Code for testing 0-1 knapsack problems

Package WW; public class test {void initial (INT [] weight, int [] value, int N, int capacity) {int [] [] maxvalue = new int [N] [capacity + 1]; int [] Trace = new int [N]; maxvalue [0] [0] = 0; for (Int J = 1; j <= capacity; j ++) {If (weight [0] <= J) maxvalue [0] [J] = value [0]; elsemaxvalue [0] [J] = 0;} zeroonepack (trace, maxvalue, weight, value, n-1, capacity); print (weight, value, maxvalue, Trace, n-1, capacity); system. out. println ("Maximum Weight:" + m Axvalue [n-1] [capacity]); system. out. println ("corresponding to the selected item: 0 indicates that this item is not selected, 1 indicates that this item is selected"); For (int K = 0; k <= n-1; k ++) system. out. println (trace [k]);} int zeroonepack (INT [] Trace, int [] [] maxvalue, int [] weight, int [] value, int I, Int J) {int X1 = 0, X2 = 0; if (I> = 1 & J> = 0) {x1 = zeroonepack (trace, maxvalue, weight, value, I-1, j); x2 = (J-weight [I]) <0? 0 :( zeroonepack (trace, maxvalue, weight, value, I-1, J-weight [I]) + value [I]); If (x1> x2) return (maxvalue [I] [J] = x1); elsereturn (maxvalue [I] [J] = x2 );} else if (I = 0 & J> = 0) return maxvalue [0] [J]; return 0;} void print (INT [] weight, int [] value, int [] [] maxvalue, int [] Trace, int I, Int J) {// ordered output. If the result is 0, this item is not selected. If (I = 0 & J> = 0 & J-weight [I]> = 0) trace [0] = 1; else if (I> = 1 & J> = 0) {If (maxvalue [I-1] [J] <maxvalue [I-1] [J-weight [I] + value [I]) trace [I] = 1; print (weight, value, maxvalue, Trace, I-1, J-weight [I]);} public static void main (string ARGs []) {int [] value = {6, 10, 12 }; int [] Weight = {1, 2, 3}; int n = value. length; Test A = new test ();. initial (weight, value, N, 5); system. out. println ();}}

The item number starts from 0.

The item number starts from 0. It is relatively easy to obtain the maximum value, but it is a little difficult to output the final maximum value which items are selected. No matter whether the item number is from 0 or from 1, it is the same for this problem. The Recursion Formula for the 0-1 knapsack problem is as follows:

In M [I] [J], I indicates the I-th item, and J indicates the maximum weight that can be accommodated, the same number of items in the Max in the above formula indicates that the I-th item is not put into the package with a capacity of J, and the latter indicates that the item is to be put. When the selected item corresponding to the maximum value is output at the end, the method used is the same as the method used to solve the maximum value, which is also recursive. The entire problem is solved recursively from top to bottom.

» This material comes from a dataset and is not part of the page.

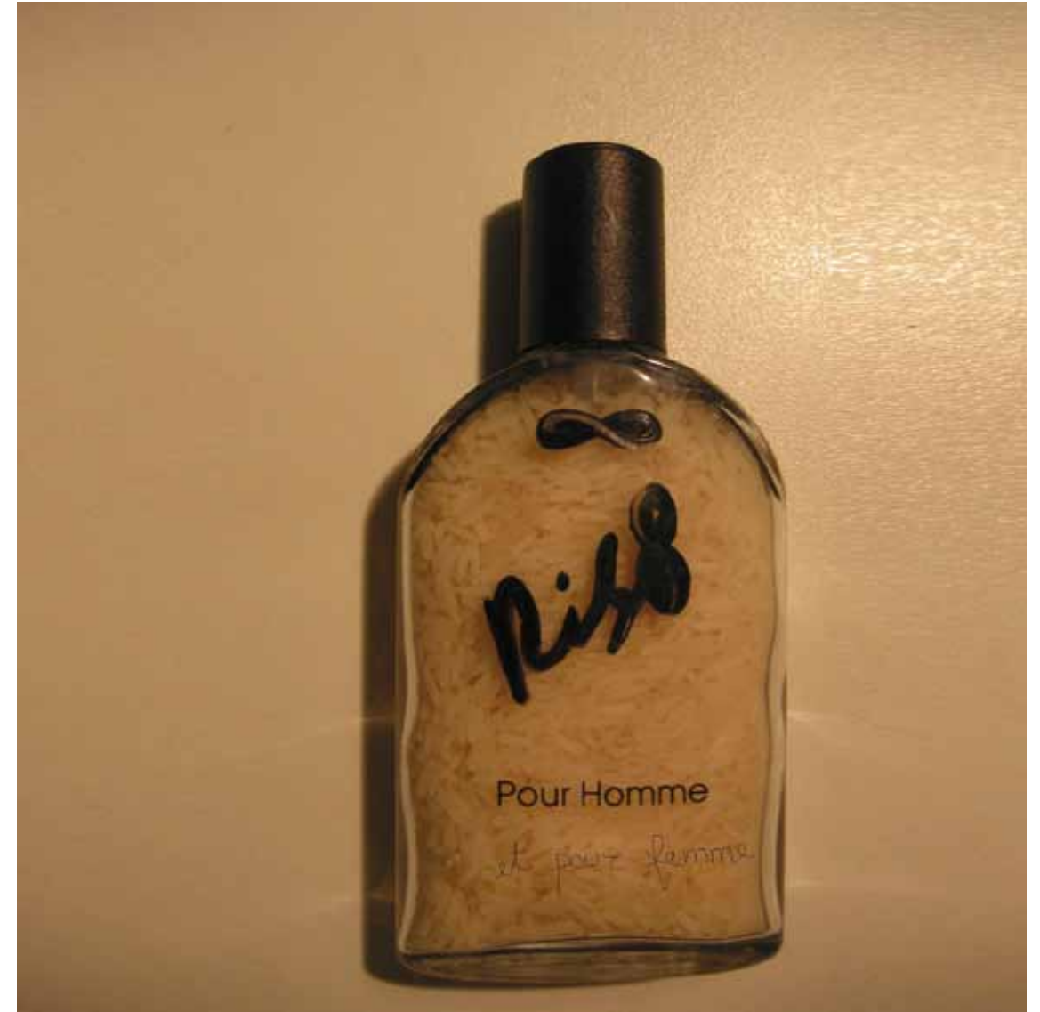
“Ris8 pour homme et pour femme” cm. 20 X 20 / 2005 photography

The dynamic planning solution for the 0-1 knapsack problem is similar to the assembly line tuning problem in the introduction to algorithms. For an online equipment, the similarities between the two are for one point (assembly point and item) select either or not. That is to say, the final result is similar to that of 000111101010011. This is different from the dynamic planning of Matrix Multiplication. The dynamic planning of matrix multiplication is continuous, that is, there is no such disconnection, it means that all I is equal to J to stop. Another feature is that they all need to apply recursion. The parent problem always corresponds to several possible sub-problems, and then finds an optimal problem from these sub-problems, instead of dividing the problem into two subproblems through different Split points K like matrix multiplication, then finding the k that maximizes the solution as the optimal solution of the parent problem. From these two points, we can first determine a single position for the dynamic planning problem based on the solution of the problem, which will help us to find the recursive formula.

In addition, when the optimal solution corresponds to an item, that is, the output path result, I think there are two ways, one is to record when solving the maximum value, then, recursively output the Path results. One is to use the target values in the process of solving the maximum value in recursive output without recording. For example, M [I] [J] Here to help solve the results. Of course, I think it may be better to deal with this backpack problem in the latter way. I have not yet thought about how to record it in the computation, and then use recursion to output the path result.